# Steinhatchee thoughts?



## micahpatel (Dec 28, 2020)

sharkbio said:


> Thoughts on fishing Steinhatchee. I know the scalloping is good, but how is the inside fishing? Would you vacation there to fish? Thanks


The redfish fishery there is one of the best Florida has to offer. The fish aren’t nearly as pressured as tampa bay where I’m from. Fish are pretty eager to eat anything you throw at them. Be careful for huge rocks and oysters when running out there. Also watch the tides cause they turn quick and you don’t wanna get stuck high and dry.
Overall a super fun fishery and I would recommend staying there for a vacation.


----------



## sharkbio (Apr 25, 2020)

micahpatel said:


> The redfish fishery there is one of the best Florida has to offer. The fish aren’t nearly as pressured as tampa bay where I’m from. Fish are pretty eager to eat anything you throw at them. Be careful for huge rocks and oysters when running out there. Also watch the tides cause they turn quick and you don’t wanna get stuck high and dry.
> Overall a super fun fishery and I would recommend staying there for a vacation.


Thanks for the insight.


----------



## tcov (Apr 7, 2018)

It’s a beautiful area and the fishing can be superb. Summer time is tougher than other times because of the heat. Trout, reds, flounder, snook on occasion. Steinhatchee is super laid back, not a whole lot to do other than a few restaurants and just hanging out. If being on the water is the goal it’s a great place to vacation.


----------



## MRichardson (May 27, 2010)

And always, always pronounce it STEEN-hatchee. Instant cred with the locals.


----------



## tcov (Apr 7, 2018)

Be really cool and call it “hatch” lol


----------



## MikeCockman (8 mo ago)

Nope absolutely not. The Fishing up here in Taylor/Wakulla counties Is horrible. It’s crowded, hot, the fish are small and the weather sucks. I’d just stay away personally. Oh And the people are mean, and the food is horrible. 🤥🤥 Just forget about it, I mean It’s called “the forgotten coast” for a reason.. 😂😂.. 
In all seriousness though the above comments are spot on. The “Hatch” does get a little crowded during scallop season but otherwise it’s a great fishery, and laid back little gem. 
That being said, The Red/Trout fishery from Horseshoe up through Lanark is pretty solid especially fall through spring. Summer bite is a little tougher but they are still around.


----------



## stoked (7 mo ago)

Summer thunderstorms can be real bad. Just watch the weather and give yourself some room to get off the water.


----------



## krash (Jan 9, 2007)

Neighbor across the street, has a friend, guide, visiting form Steinhatchee , and yes he calls it STEEN.., happens to be a guideCapt. Dean Molzer there. Neighbors house is a stoppin over point.. Ws here to lobster in the ksys for a few days.. then they were out catching gators the last couple nights.
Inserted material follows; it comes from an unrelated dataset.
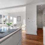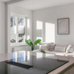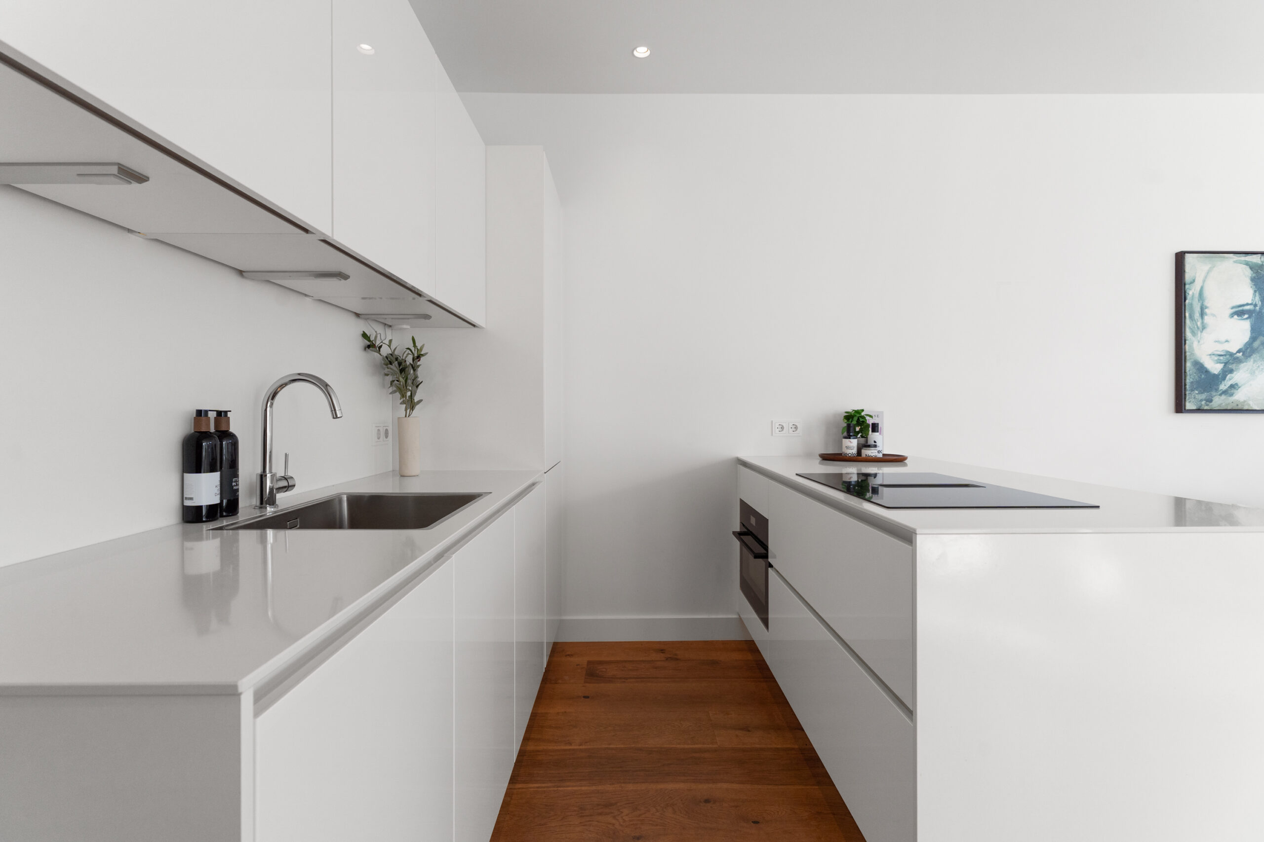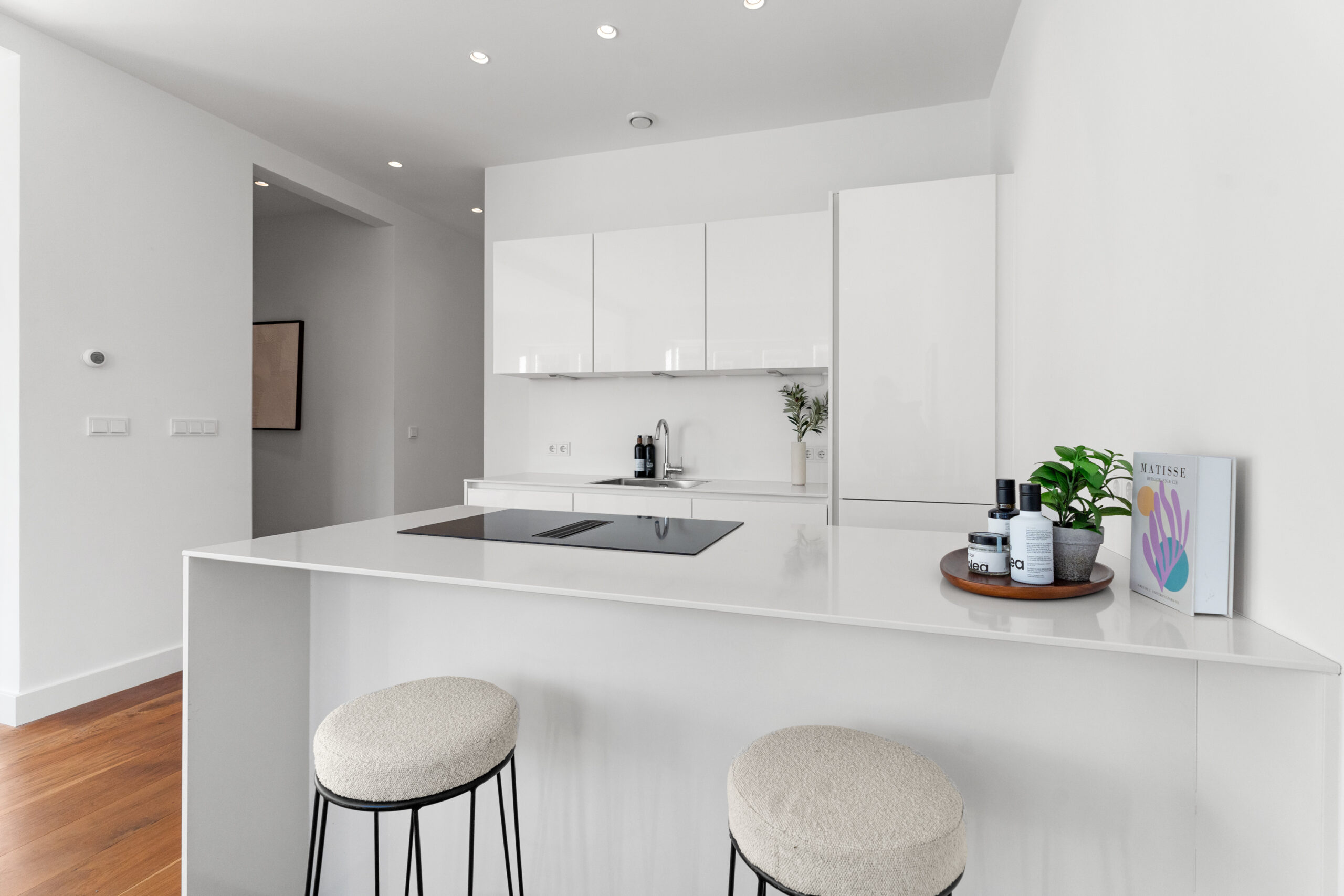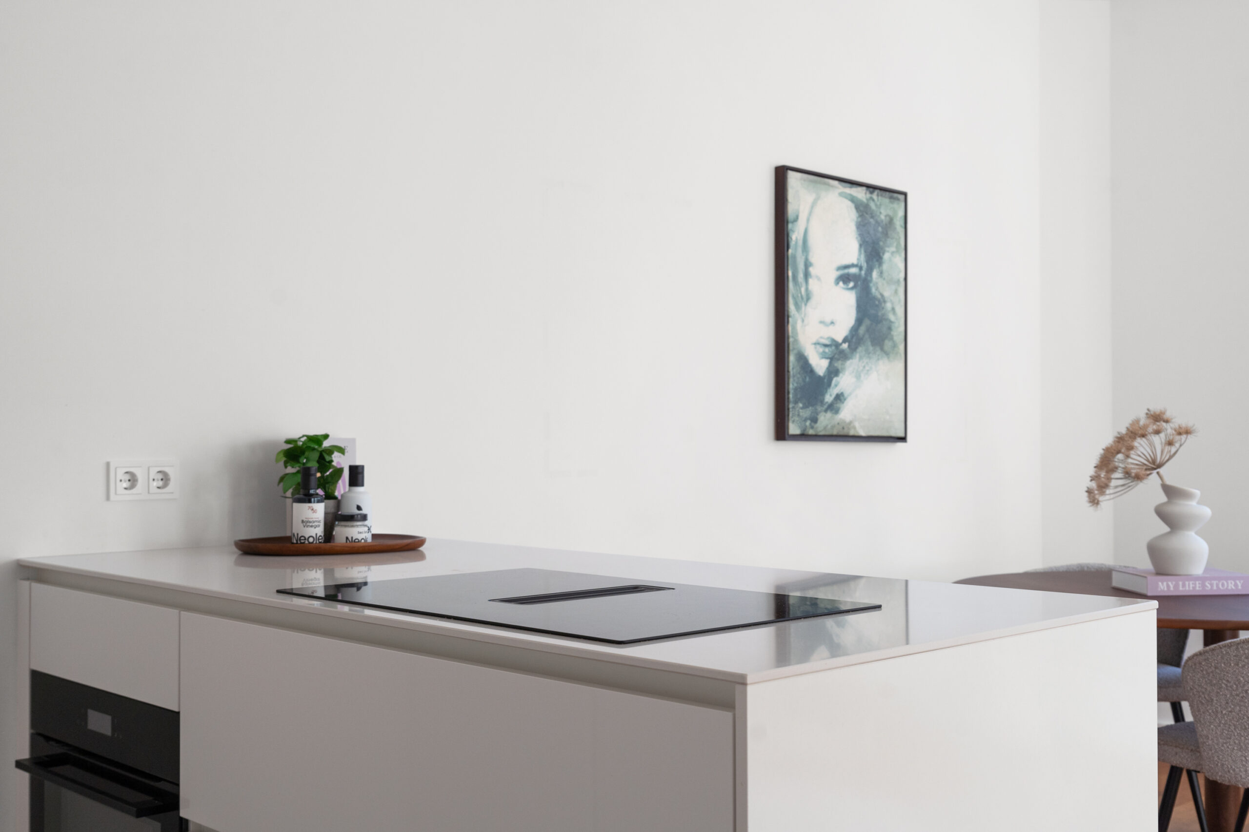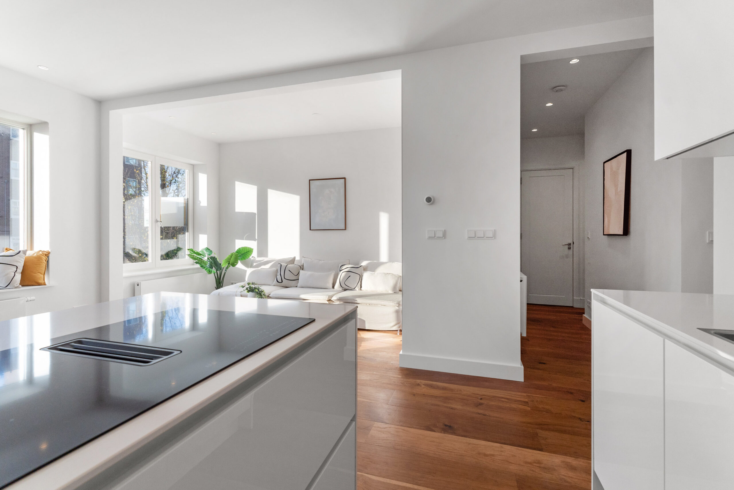 De ruime woonkamer aan de voorzijde gelegen met grote raampartijen zorgen voor veel lichtinval. Luxe keuken met eiland en alle benodigde inbouwapparatuur van het merk AEG.

He has his boat, it's a Bay Rider big tunnel type hull with a high raise flor and console. Must be like 25' and wide,with jack plate. He makes his living fishing mainly inside Redfish and Trout.. Claims the Redfishing is very hot now. Offshore its a 50 mile run to 80'. If he goes out he says its usually for Trout on the flats.

He said its a great town where he lives,only about 400 people and not even 1 stop light.


----------



## Buffalo Bob (Aug 28, 2019)

Wife & I have stayed overnight in Steinhatchee while traveling to or from our home in SW FL. Neat little town / area MO. Love the Steinhatchee River Inn, clean, quiet. Restaurants we have visited worthwhile of going back. Never fished the area but hope to @ some point.


----------



## bonitoman (May 20, 2021)

Great time to fish in oct nov and december . Once the water temps drop in low 70's you will get trout and reds all day.Go slow . Lots of oysters


----------



## WC53 (Dec 2, 2015)

Shallow, oysters and your bourbon on the rocks comes in a solo cup


----------



## DBBLHaulin'ShotCallin' (Feb 12, 2018)

Hatch is a great place. I'd encourage anyone who likes to fish to visit the area, but do please respect the fishery! There are several massive grass flats that can get really shallow on the low tides and if one isn't careful, can VERY easily scar up the bottom or even run aground without so much as a warning.

Take your time and work through areas thoroughly, lots of fish around once you slow down and look


----------



## mariscos (Jun 19, 2015)

I've been exploring areas from Homosassa to North of Cedar Key. Recently I'm finding fish but they are spooky AF. I'm an experienced fisherman and even well placed casts well beyond the fish the lure, when seen, scares them. Some say it's the airboats but I'm not sure. Maybe as some have suggested above, it's a summer time lull?

Trying some new setups. Longer rods, lighter braid, longer casts. Might try some Gulp patterns tho I don't prefer to use it. Haven't really worked the fly rod much as I have no one to pole me and have felt that waving the 9' stick around would spook them.


----------



## Naturecoastfly (Mar 26, 2019)

Local. Yes it’s good but no different than crystal river/ozello/homosassa/cedar key. Lots of boat traffic and scallopers this time of year. If you strictly want to fish come fall through spring. The crowds won’t be as bad and the fishing will be a little better. 

It was a gem back in the day but it’s gotten crowded over the last decade.


----------



## NatureBoy55 (Jun 21, 2017)

Went this summer and did not enjoy the trip with my 17 ft skiff. Too rough for my taste and got beat up. Definitely must have a bay boat with a standup helm like a Gulf shore 20 to get around. Won't go back


----------



## tcov (Apr 7, 2018)

Woodrow w Barnes said:


> Definitely must have a bay boat with a standup helm like a Gulf shore 20 to get around.


This is completely false.


----------